Back to regular life.

The trip home from Italy was mostly uneventful. Except that while we were in the Amsterdam airport between flights we decided to stop in at the Irish bar for a whiskey, to remember our previous trip. We walked back to our gate to catch our next flight, holding hands and talking. We were clearly a couple. Two tall young Dutch guys were walking in our direction and as we passed, the closer one leaned into my face, made eye contact and said softly, "Hey girl." And kept walking. My husband and I looked at each other, flummoxed. He said, "Um, am I supposed to kick his ass now?" We both laughed and continued on to our gate. It was an odd but funny ending to the trip.
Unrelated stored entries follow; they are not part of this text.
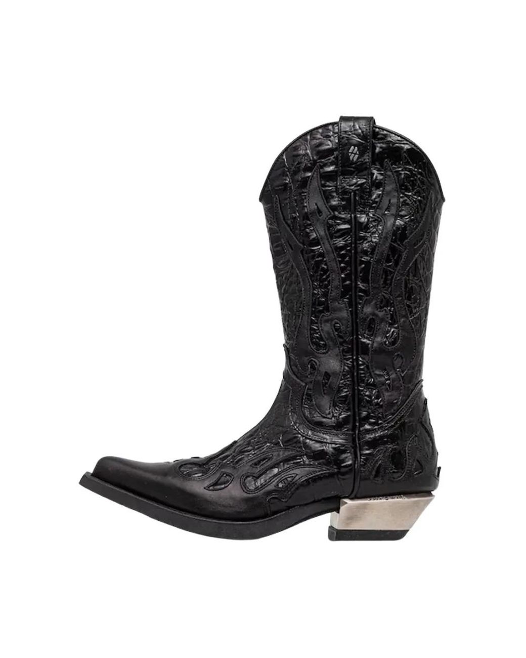 ¡Aprovecha las mejores rebajas! New Rock West Nomada Y Firence combina una silueta western con detalles de inspiración rock, presentando una parte superior de cuero repujado y un tacón plateado metálico. Diseñado para un uso diario destacado, combina una construcción duradera con una fácil entrada con cremallera lateral. Atributos clave: Negro | Plata | Cuero | Suela de goma duradera y resistente a los daños | Cierre de cremallera lateral | Firme contrafuerte del talón para soporte del tobillo | Silueta western/cowboy | Patrón repujado en la parte superior | Tacón plateado metálico | Dimensiones y ajuste: Altura del tacón: 4 cm | Longitud de la plantilla (talla 38): 26 cm | Composición y cuidado: Parte superior: Cuero natural | Forro: Cuero natural; Material sintético | Suela: Material sintético (goma) Color: negro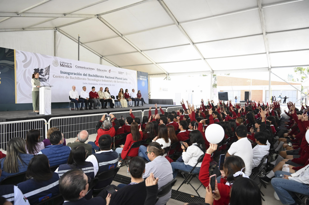 León, Gto. — La presidenta de México, Claudia Sheinbaum Pardo, encabezó la inauguración del nuevo Centro de Bachillerato Tecnológico Industrial y de Servicios (CBTIS) No. 292 en esta ciudad. El plantel brindará acceso a más de mil estudiantes y forma parte del compromiso de la federación por garantizar que ningún joven abandone sus estudios por falta de espacios. Foto: Presidencia Durante el evento, la jefa del Ejecutivo Federal subrayó que la educación es un derecho y no un privilegio, por lo cual su administración tiene como meta crear 150 mil nuevos lugares en educación media superior para finales de este 2026. Sheinbaum se manifestó en contra de los exámenes de admisión en este nivel y anunció una revisión a los planes de estudio para simplificar la carga académica. Foto: Presidencia El nuevo complejo educativo requirió una inversión de 48 millones de pesos en infraestructura y 17 millones adicionales en equipamiento. El secretario de Infraestructura, Comunicaciones y Transportes, Jesús Antonio Esteva Medina, detalló que el plantel cuenta con cinco edificios, 12 aulas y cuatro laboratorios especializados. Foto: Presidencia Por su parte, la gobernadora de Guanajuato, Libia Dennise García Muñoz Ledo, celebró la coordinación con el Gobierno de México, resaltando que el estado donó el terreno de 30 mil metros cuadrados para esta obra. La mandataria estatal anunció que, para complementar el esfuerzo federal, el próximo año se reconvertirán 40 secundarias en preparatorias vespertinas. Finalmente, la presidenta informó que a finales de este mes se dispersarán los pagos de la Beca Benito Juárez para quienes ya cuentan con tarjeta, asegurando el sustento económico de las y los estudiantes del estado. Navegación de entradas Puebla Brilla llega a Héroes de Puebla Chila de las Flores inaugura Casa de Cofradía en San José Chapultepec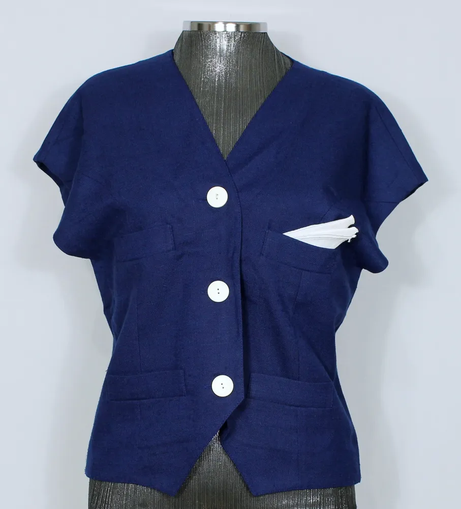 Cor: azul marinho e branco Tecido: algodão encorpado, lembra um linho Modelo: feminino Bolsos: sim Forro: não possui Vintage: sim, com CGC Peça em perfeitas condições e sem avarias. Veste P/M (favor verificar as medidas): Medidas: Ombros: 38 cm Busto (circunferência): 100 cm Cintura (circunferência): 96 cm Comprimento da manga: 13 cm Comprimento da peça: 58 cm

There was so much to do when we returned - putting away things from the wedding, writing thank you notes, catching up on gardening, returning to work. So naturally I decided I should learn how to make sourdough bread. I started working on making a batch of starter, which I dubbed Frances. Okay, at first I called it Francis, after St. Francis, because sourdough makes me think of San Francisco. But later I decided that something that gives life should have a female name and I changed the label. I had read that it is traditional to give your starter a name.
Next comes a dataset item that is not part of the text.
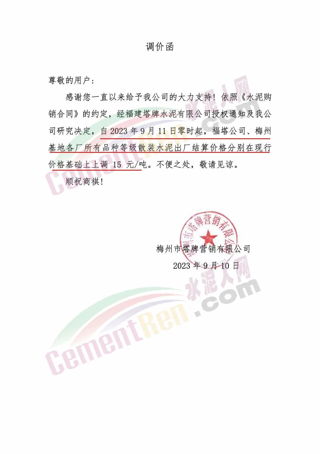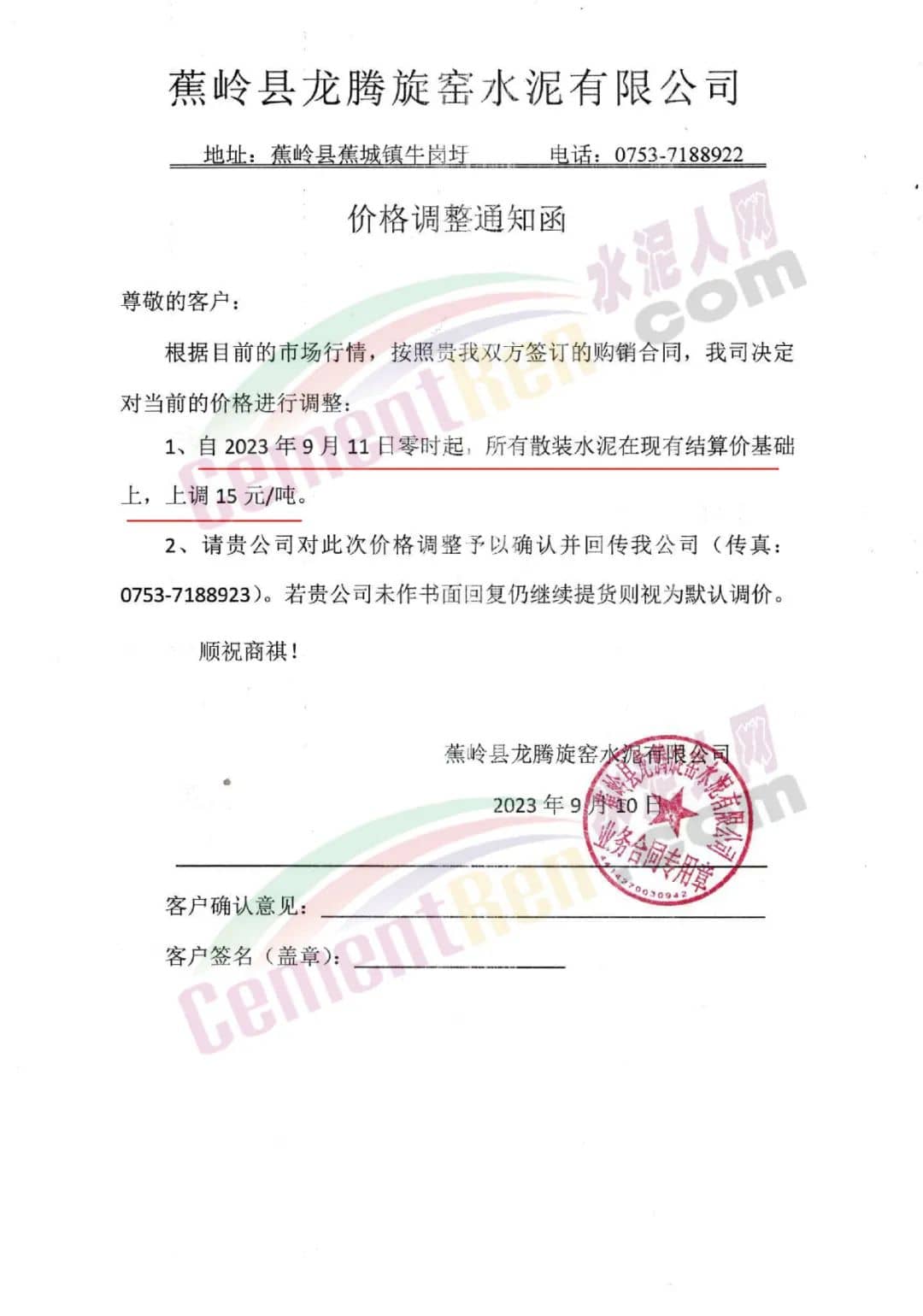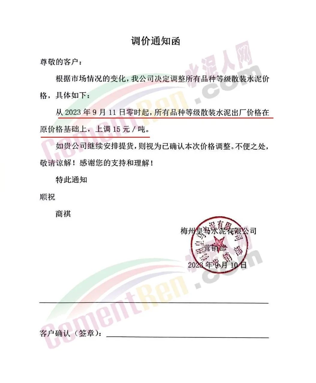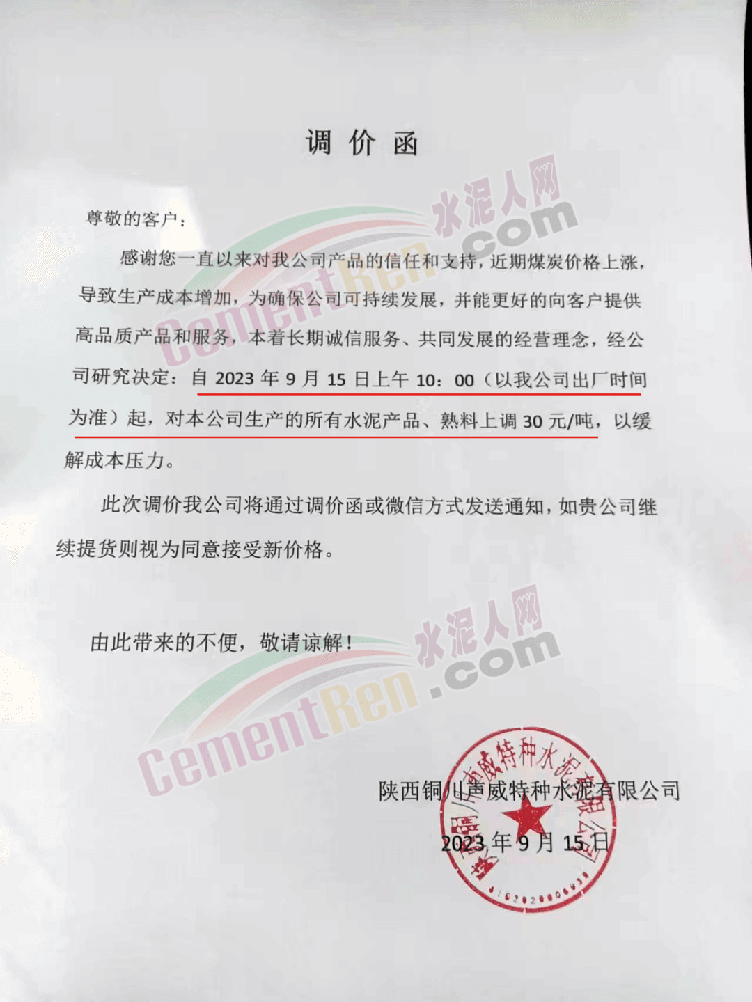 遼寧金隅冀東水泥貿(mào)易有限公司通知,由于生產(chǎn)成本大幅度提高,經(jīng)公司研究決定自2023年9月16日8時起,對銷售至長春地區(qū)、四平地區(qū)及松原地區(qū)的水泥價格在原價格基礎(chǔ)上調(diào)50元/噸。

I spent a week feeding it every night and once it was ready, made the first loaf. That involves taking half a cup of the starter out of the fridge two nights in advance. I put it in this old glass measuring cup with a quarter cup of flour and a quarter cup of water and let it rise until the next evening. Some people pour off the liquid ("hooch") that forms but I stir it in because I like the flavor.
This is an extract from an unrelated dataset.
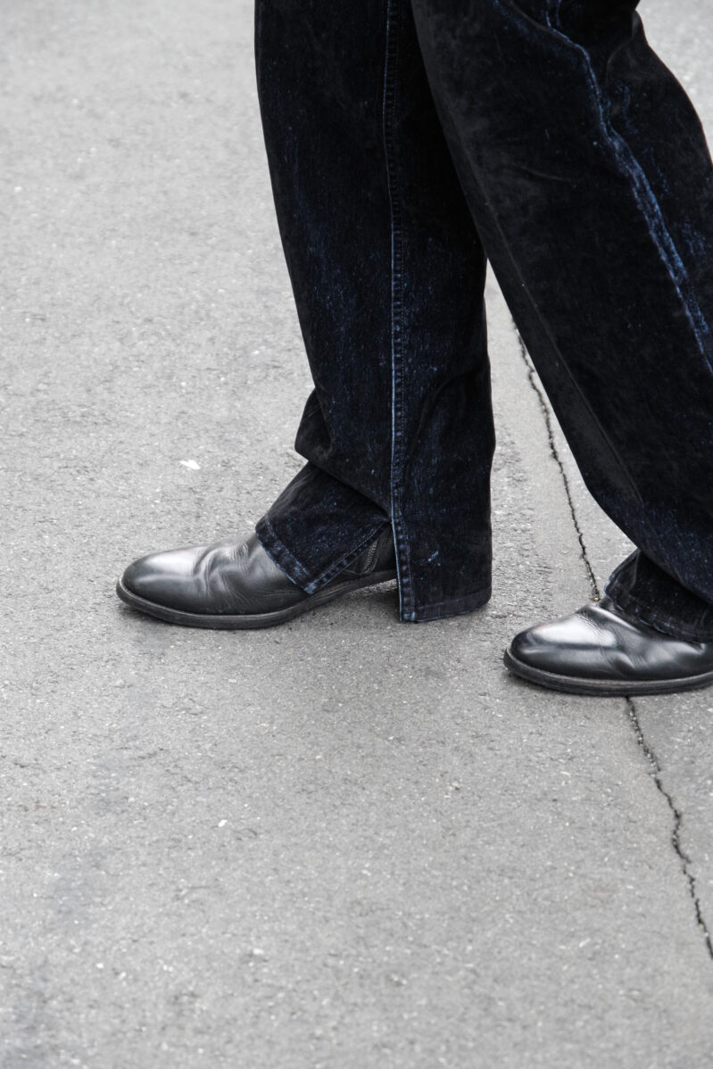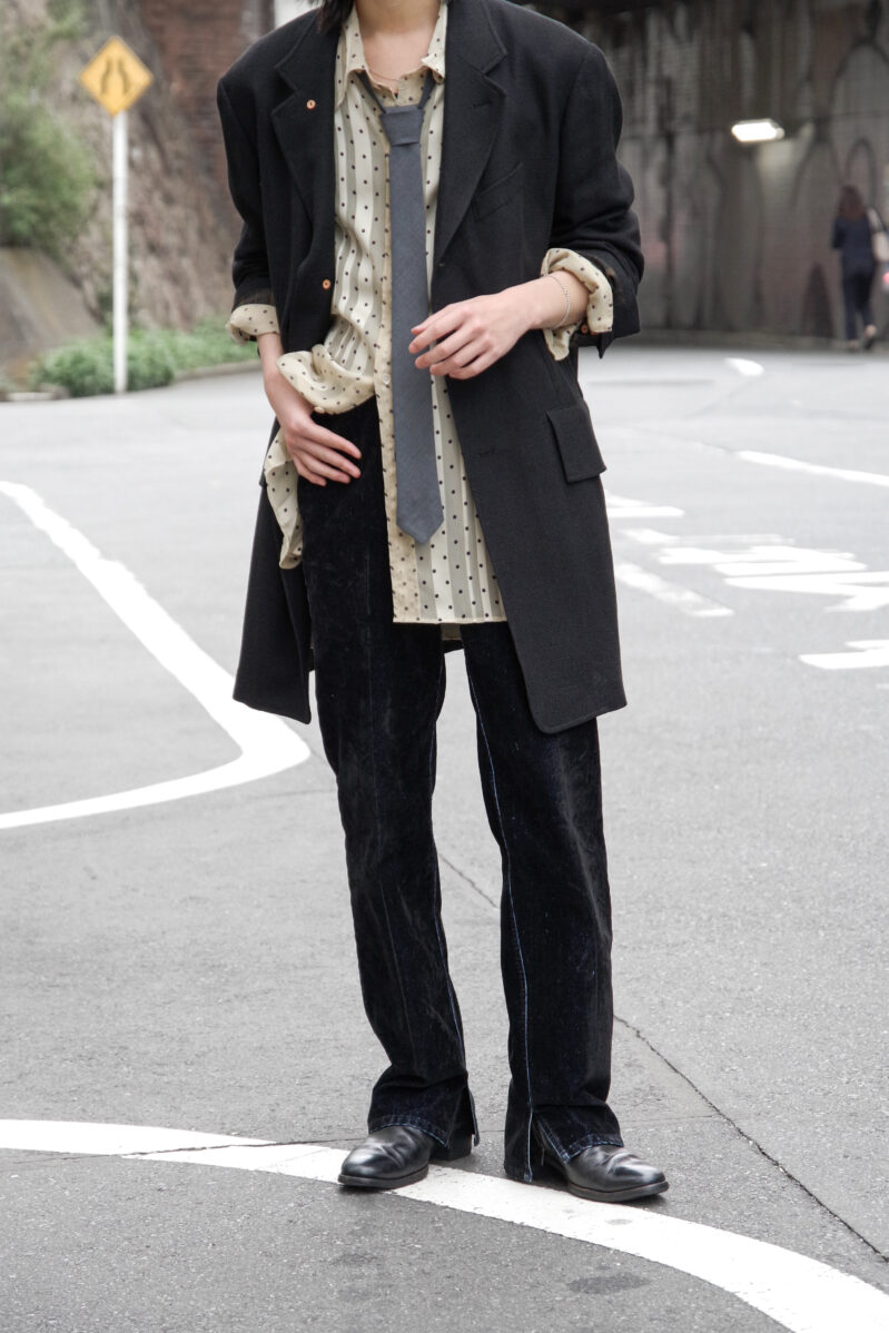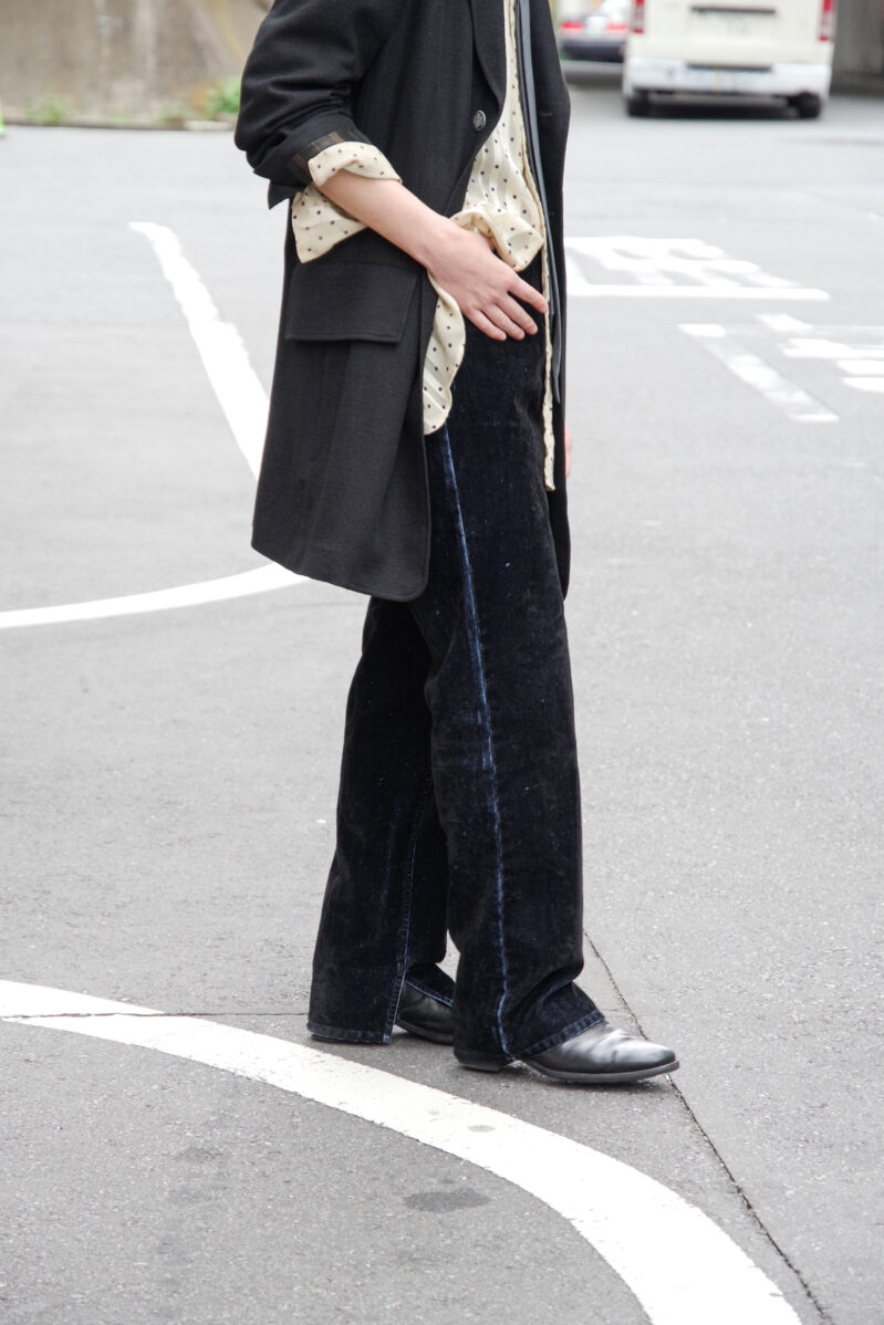 当時すでにもう主流になり初めだったワイドパンツのトレンドには目もくれなかった。

The set-aside starter is mixed with whole wheat flour, water, and a little olive oil.
That's it. The wild yeasts in the air that make the starter a living thing take it from there.
After another night, the dough has grown and abandoned its ball shape.  I have been letting it rise in the garage where it's a little warm and it expands like crazy.
The bread gets folded down and left to rise again for half an hour. And then into a ceramic crock to bake. I put in a bowl of water in the oveb next to it to provide a little steam.
The first loaf I made was pretty flat and dense, but I've been gradually improving as I figure out what works best. I have to say, it's pretty good. And good for you, since it's all whole wheat (except for the starter). My younger son loves it and I frequently seeing him cutting a fews slices for himself. I think this new hobby is going to stick.